== MATERIAL TO PROCESS

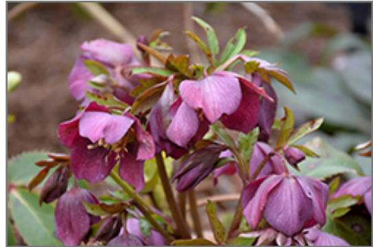
Purple Hellebore flowers
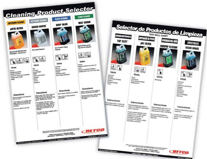
FASTDRAW® WALL CHART PROGRAM Customizable Wall Chart Creator
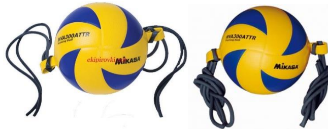
Fig. 1. Trainer "hanging balls"

receiving from the bottom of one and two hands no place, in the fall, falling on the chest and thigh.
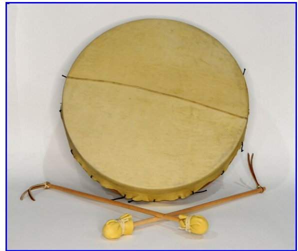
Bert LeLoup - Leather Drum Segmented Wood
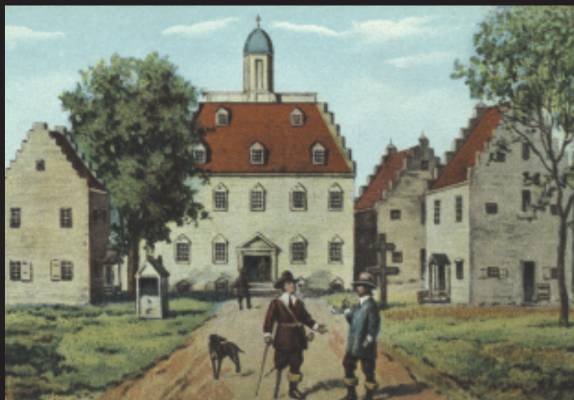
■ Stadt Huys ca. 1664.
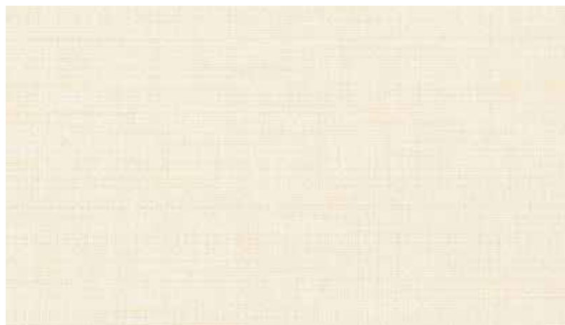
PUE01 - VANILLA

====

- **YOUR GOAL**
Precisely the lines from the one containing "Fig. 1. Trainer" to the end of the data above, both included, should be printed; leave the pictures out.

- **TASK RESULT**
Fig. 1. Trainer "hanging balls"

receiving from the bottom of one and two hands no place, in the fall, falling on the chest and thigh.
Bert LeLoup - Leather Drum Segmented Wood
■ Stadt Huys ca. 1664.
PUE01 - VANILLA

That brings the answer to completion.